- [INFORMATION SUPPLIED]:
--- START ---

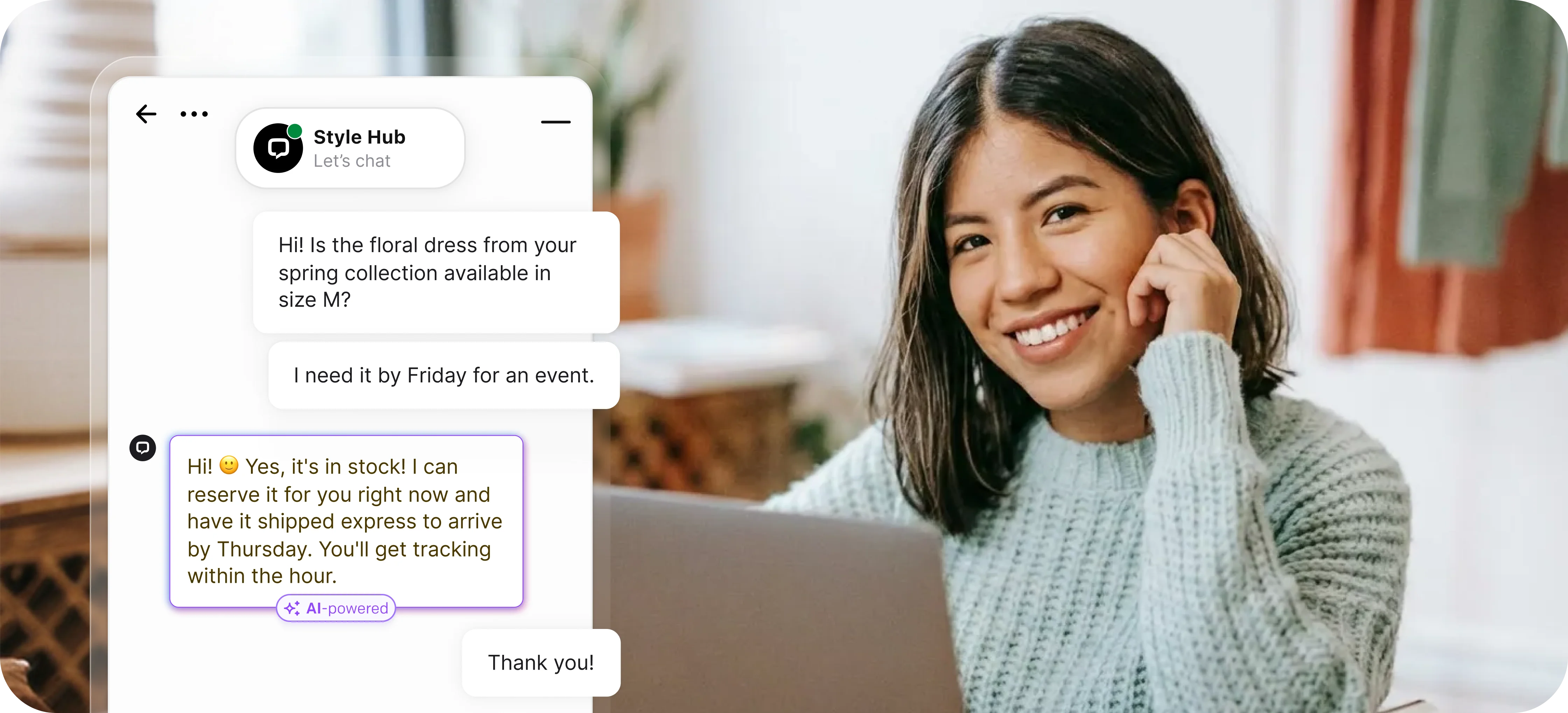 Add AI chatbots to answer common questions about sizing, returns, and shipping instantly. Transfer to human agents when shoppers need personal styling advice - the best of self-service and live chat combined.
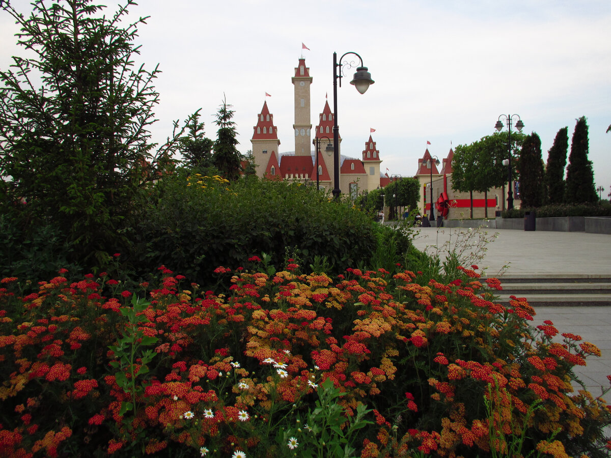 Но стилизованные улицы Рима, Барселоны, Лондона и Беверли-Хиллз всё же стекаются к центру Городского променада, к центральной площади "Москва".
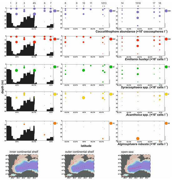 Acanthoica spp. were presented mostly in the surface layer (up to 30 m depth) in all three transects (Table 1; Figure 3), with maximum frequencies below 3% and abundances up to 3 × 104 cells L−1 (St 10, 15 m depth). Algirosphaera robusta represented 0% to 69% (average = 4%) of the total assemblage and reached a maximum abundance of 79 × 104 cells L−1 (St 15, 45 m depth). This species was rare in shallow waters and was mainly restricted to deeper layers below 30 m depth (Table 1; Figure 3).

--- END ---

In the reply, each line of the data must appear exactly as written, and no picture may appear.

 Add AI chatbots to answer common questions about sizing, returns, and shipping instantly. Transfer to human agents when shoppers need personal styling advice - the best of self-service and live chat combined.
 Но стилизованные улицы Рима, Барселоны, Лондона и Беверли-Хиллз всё же стекаются к центру Городского променада, к центральной площади "Москва".
 Acanthoica spp. were presented mostly in the surface layer (up to 30 m depth) in all three transects (Table 1; Figure 3), with maximum frequencies below 3% and abundances up to 3 × 104 cells L−1 (St 10, 15 m depth). Algirosphaera robusta represented 0% to 69% (average = 4%) of the total assemblage and reached a maximum abundance of 79 × 104 cells L−1 (St 15, 45 m depth). This species was rare in shallow waters and was mainly restricted to deeper layers below 30 m depth (Table 1; Figure 3).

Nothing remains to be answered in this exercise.